Setelah mengatakan itu, Liu Yiyuan tertawa kecil, lalu menambahkan:
 
“Kalau tidak, menurutmu mengapa lelaki tua dari Yuebaolou, leluhur tertua keluarga kita, akan memberinya tungku pil?”
 
“Meskipun dia menyempurnakan Ramuan Detoksifikasi Murni untukku.”
 
“Tetapi…’
 
“Leluhur keluarga saya adalah seorang Immortal Inti Emas, memohon kepadanya untuk datang dan melakukan alkimia sudah memberinya banyak kehormatan.”
 
“Seandainya bukan karena Huang Qingling, dia mungkin bisa diantar pergi dengan beberapa batu spiritual.”
 
Pemuda berbaju merah itu menggelengkan kepala dan menghela napas.
 
“Meskipun saya tidak setuju dengan pandangan Anda, situasi kedua keluarga kita tidak sama, jadi saya tidak bisa membujuk Anda lebih jauh.”
 
“Namun…”
 
Pada saat itu, pemuda berbaju merah berhenti sejenak dan menoleh untuk melihat Liu Yiyuan yang berada di sebelahnya.
 
“Saudara Liu, ingatlah untuk berhati-hati dengan ucapanmu, terutama selama periode akhir-akhir ini…”
 
Liu Yiyuan mengangguk dan berkata:
 
“Saudara Li, jangan khawatir, aku akan mengingatnya.”
 
Setelah kembali ke sisi Lin Jing, dia dan pemilik kios tiba di sebuah bangunan kecil yang di atasnya tergantung sebuah plakat bertuliskan “Paviliun Penilaian Harta Karun.”
 
Pemilik kios itu terkejut sesaat melihat Penilaian Harta Karun.
 
Paviliun, kemudian terwujud.
 
“Memang seharusnya begitu, ini kesalahan saya.”
 
Setelah mengatakan itu, dia masuk duluan.
 
Di dalam Paviliun Penilaian Harta Karun hanya ada seorang lelaki tua berambut tipis.
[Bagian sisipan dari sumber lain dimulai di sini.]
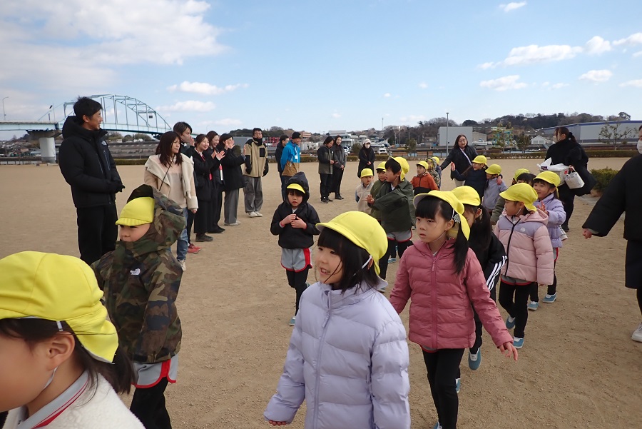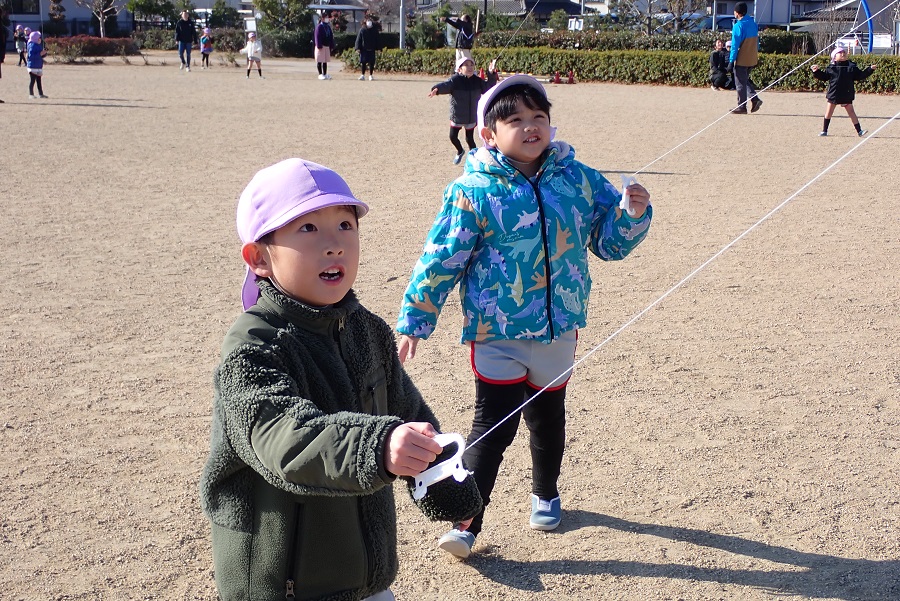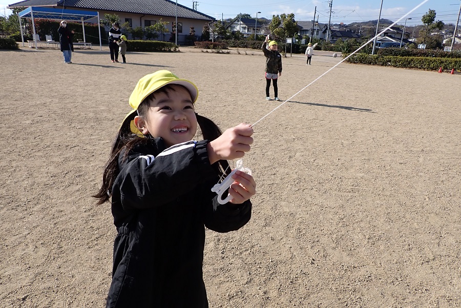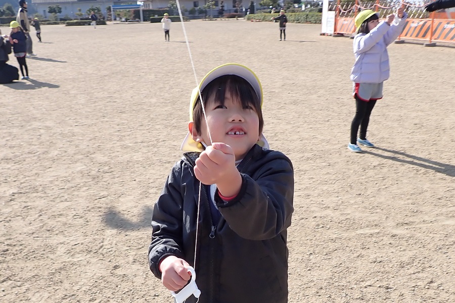 みんな凧あげを思いっきり楽しんで、大満足。

Saat Lin Jing dan pemilik kios masuk, lelaki tua itu mendongak menatap mereka.
 
“Apakah Anda datang untuk penilaian harta karun?”
 
“Ya.”
 
Keduanya menjawab, lalu Lin Jing memberikan batu spiritual tingkat menengah kepada lelaki tua itu, yang kemudian mengusapnya dengan tangannya, membuat batu spiritual itu menghilang.
 
“Keluarkan harta karun itu,” kata lelaki tua itu dengan singkat.
 
Melihat hal itu, pemilik kios buru-buru menyerahkan Liontin Naga Tersembunyi Bulan Biru.
 
Pria tua itu mengambil liontin itu, memeriksanya lama sekali di tangannya.
 
Kemudian, dia menyalurkan sebagian kekuatan spiritual ke liontin giok tersebut, yang kemudian menyala sepenuhnya.
 
Setelah itu, dia memejamkan mata untuk merasakannya sejenak.
 
Kemudian, setelah beberapa waktu, dia mengembalikan Liontin Naga Tersembunyi Bulan Biru kepada pemilik kios.
 
“Harta Karun Sihir Inti Emas dengan fungsi penyembunyian saja, bernilai sekitar delapan puluh ribu batu spiritual,” kata lelaki tua dari Harta Karun itu.
 
Paviliun Penilaian telah dideklarasikan.
 
Lin Jing mengangguk setelah mendengar itu, merasa lega.
 
“Barang-barang saya ini, apakah Anda ingin dinilai?” tanya Lin Jing kepada pemilik kios.
 
“Tidak perlu, itu milikmu, tidak bisa dipalsukan…”
 
Setelah itu, keduanya meninggalkan Paviliun Penilaian Harta Karun dan pergi ke Ruang Perdagangan Rahasia.
 
Seperti sebelumnya, setelah membayar dengan batu roh tingkat menengah, seorang tetua di konter mengambil sebuah token dan memberikannya kepada mereka.
 
“Kamar Yi Tujuh.”
 
Setelah sesepuh itu berbicara, dia tidak berkata apa-apa lagi.
 
Mereka kemudian mengambil token tersebut dan masuk ke dalam.
 
Setelah melewati koridor yang gelap gulita, mereka sampai di pintu ruangan, meletakkan token di atasnya, yang kemudian mengaktifkan formasi pintu, dan pintu pun terbuka tak lama kemudian.